В узком пространстве кабины развернулось добавочное сидение — тесное, с невысокой спинкой, но снабжённое упором для шеи.

— Располагайся, нейродрайвер, — усмехнулся майор, нажатием кнопки регулируя высоту упора. — Вот так, ага… Теперь я тебя пристегну. Руки тоже, а ты как думал? Чтоб не тянулся к пульту с перепугу. Если ты нейродрайвер, руки тебе без надобности. А если лист дрожащий — тогда тем более. Тебе когда симбионта поставили?

— Сегодня.

— А, уроды, — кивнул Никифоров. — Заранее не могли? Всегда всё в последний момент. Ну, мне плевать. Не понравится, что ты делаешь — оторву твою финтифлюшку напрочь, имей в виду.

— Только не торопитесь.

— А ну, язык-то придержи! — грозно рявкнул майор. — Ишь, умелец — языком молоть. Лично я удивлюсь, если ты вообще ещё подключишься. Значит, так. Я поднимаю машину и вывожу на высоту, а там — твоя очередь. Будешь долго копаться — я сажаю "стрекозу", и урок закончен. Для первого раза тебе — пролёт по прямой, вираж левый, вираж правый, и постарайся держать одну высоту. Понял?

— Я не первый раз летаю.

— Мне говорили, — равнодушно отозвался летун и пренебрежительно отмахнулся.

Правильно полковник Мосин его "твёрдым лбом" обозвал.

Словами не пронять, да? Ладно.

Я вошёл в слияние и запустил движок.

И тут же меня грубо оторвали от леталки.

— Это ещё что? — прошипел Никифоров. — У тебя со слухом плохо? Я тебе что сказал?

— Что поднимете машину сами, да, я помню, — зло выпалил я. — Только это несерьёзно. Что я подключаться могу, вы уже видели. Задание ваше в нейродрайве и грудной младенец выполнит. Вы чего хотите — действительно меня проверить, или просто отделаться побыстрей?

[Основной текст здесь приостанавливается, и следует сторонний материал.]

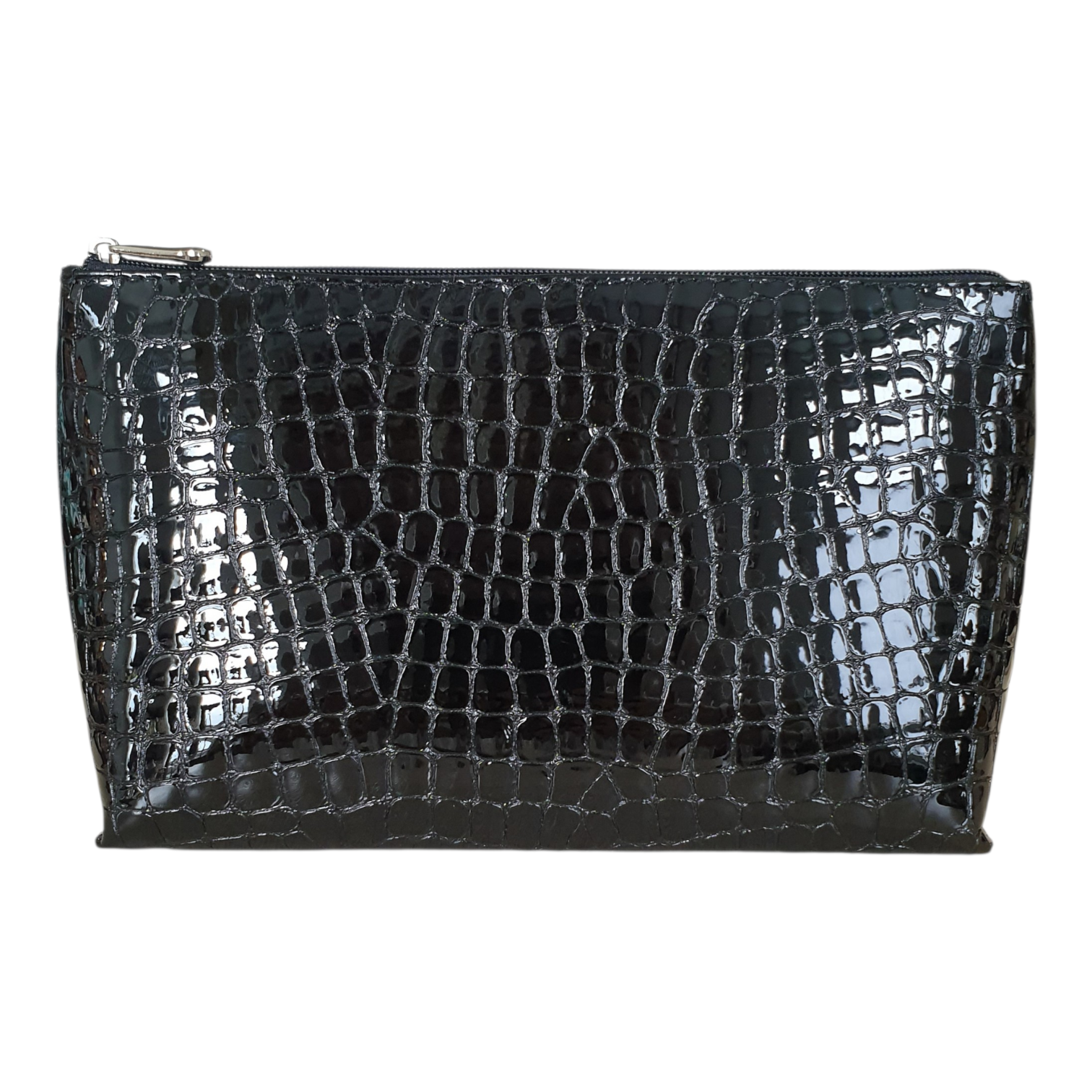 Косметичка виготовлена з натуральної шкіри, чорного кольору з тисненням під рептилію.

Я ожидал взрыва. Но майор укоризненно покачал головой, хмыкнул — и спокойно, даже миролюбиво заметил:

— На старших по званию орать не рекомендуется, сынок. В твоём положении в особенности. Так значит, ты у нас борзый, да?

Никифоров потеребил губу, продолжил:

— Взлетать сам хочешь? И садиться сам? Нервишки, похоже, щупаешь у старого летуна?

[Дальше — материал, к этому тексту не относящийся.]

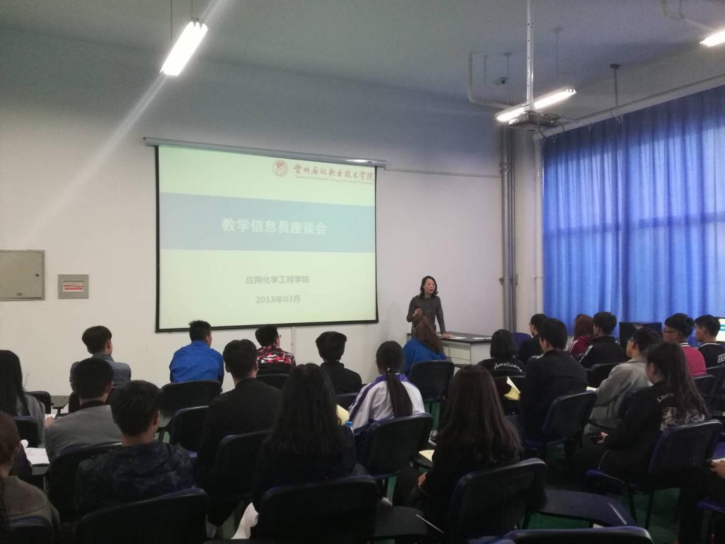 会上,教学秘书周锦老师对上学期的教学信息记录、意见反馈情况以及记录过程中存在的问题等进行了总结。为了减轻教学信息员的记录工作量和保证记录工作的规范性,应化学院对《教学信息员记录本》进行了新的设计。周锦老师对新设计的《教学信息员记录本》的使用进行了培训,并提出要求,要求各班级信息员要认真负责、规范记录,对发现的问题及时反馈,及时总结,保持优点,改进不足,为学院教学工作的顺利开展贡献自己的力量。

Майор откинулся в кресле, демонстративно скрестил руки на груди и спросил:

— Ну, и чего тогда тянешь?

Я вошёл в слияние — и взмыл в воздух.

Вообще-то, так взлетать не полагалось — по спирали, почти вертикально ввинчиваясь в тугой упругий поток, на ходу горяча ещё не разогревшийся толком движок. Бедной "стрекозе" едва хватало для этого мощности; "крокодилу" не хватило бы точно — эти чемоданы на подобное не способны. И надо было чувствовать двигатель так, как чувствует его нейродрайвер, чтобы пройти точненько по грани возможностей леталки — и не выскочить за них.

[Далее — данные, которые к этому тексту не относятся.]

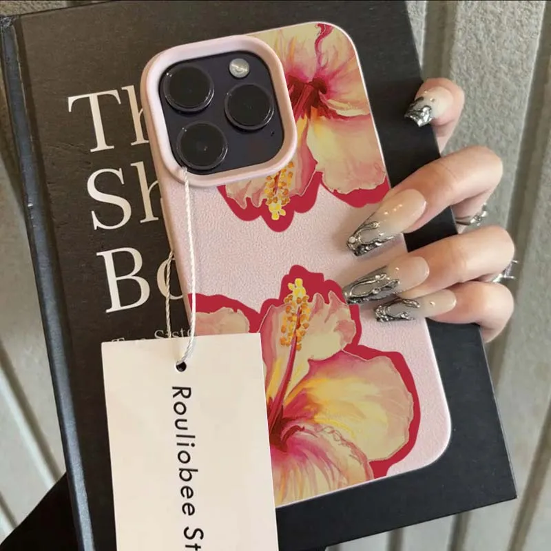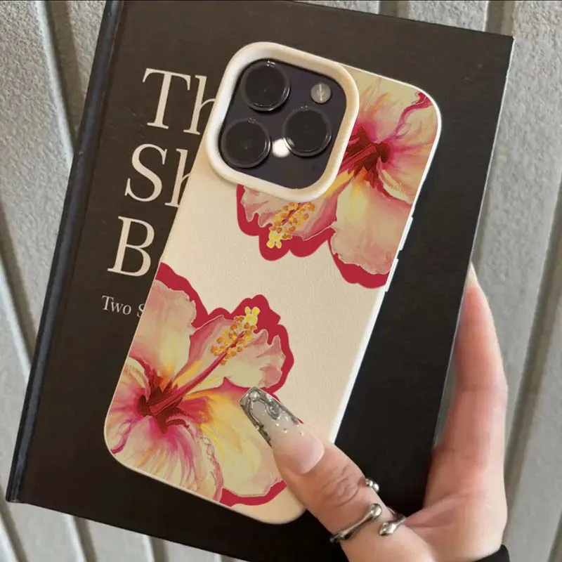 غطاء هاتف أنيق Elegant Pink Hibiscus Flower مصنوع من سيليكون الليتشي الناعم بتصميم زهرة الكركديه الوردية الفاخرة، يجمع بين الجمال والحماية في آنٍ واحد.

Небо Чайки дождалось меня.

Оно не было гостеприимным, это небо — хмурое, пронизанное насквозь ветрами, швыряющими навстречу клочья облаков, рвущими обшивку, будто мясо с костей; я даже понял, почему старый летун дал мне для начала задание попроще — потому что само небо было непростым. Переполненное необузданной, бурлящей силой, оно играло ею, как великанский ребёнок, не сознающий своих возможностей; оно бесхитростно и беззаботно дарило свои каверзные ласки — не делая скидок для того, кто вступил с ним в игру. И с той же беззаботной лёгкостью это небо могло убить — не заметив пылинки, сорванной с волнующегося полотна бешеным штормовым порывом.

Дикое и яростное небо Чайки. Я уже любил его.

— Выше не лезь! — заорал мне инструктор.

Почему обычно люди орут, разговаривая с тем, кто не может ответить? Я прекрасно услышал бы его и так.

— Аларм-систему видишь? Зелёные лучи — граница. Жёлтые — поднимешь тревогу, а к красным только сунься — и ты покойник. Испепелят раньше, чем икнуть успеешь.

Конечно, я их "видел", эти лучи. Узда, наброшенная на небо — и легкомысленно им не замечаемая. Я сделал красивую "горку" и оставил лучи за спиной. Хоть не так мозолят глаза.

Шквал в лоб — норовит задрать нос, опрокинуть. Э, не пойдёт, приятель. Выравниваюсь, закладываю вираж — теперь ты мне поможешь, ветер. Он послушно подставляет упругую спину. Вираж выходит — хоть по циркулю обводи.

— Недурно, — бормочет себе под нос Никифоров.

Надо полагать, он думает, я его не слышу?

Хитрован старый. Ну, погоди.

Я ловлю потоки ветра, я чувствую их всем телом, умываюсь ими. Так поступают птицы — нужно всего лишь не бороться со стихией, а слиться с ней. Я выписываю все фигуры высшего пилотажа, какие могу припомнить, со злорадством подмечая, как руки инструктора нет-нет, да и дёргаются к пульту; я просто резвлюсь в небе — боже, как же мне его не хватало! — я пью его и не могу напиться, не могу насытиться никак. Этим ветром. Этим воздухом. Этой свободой.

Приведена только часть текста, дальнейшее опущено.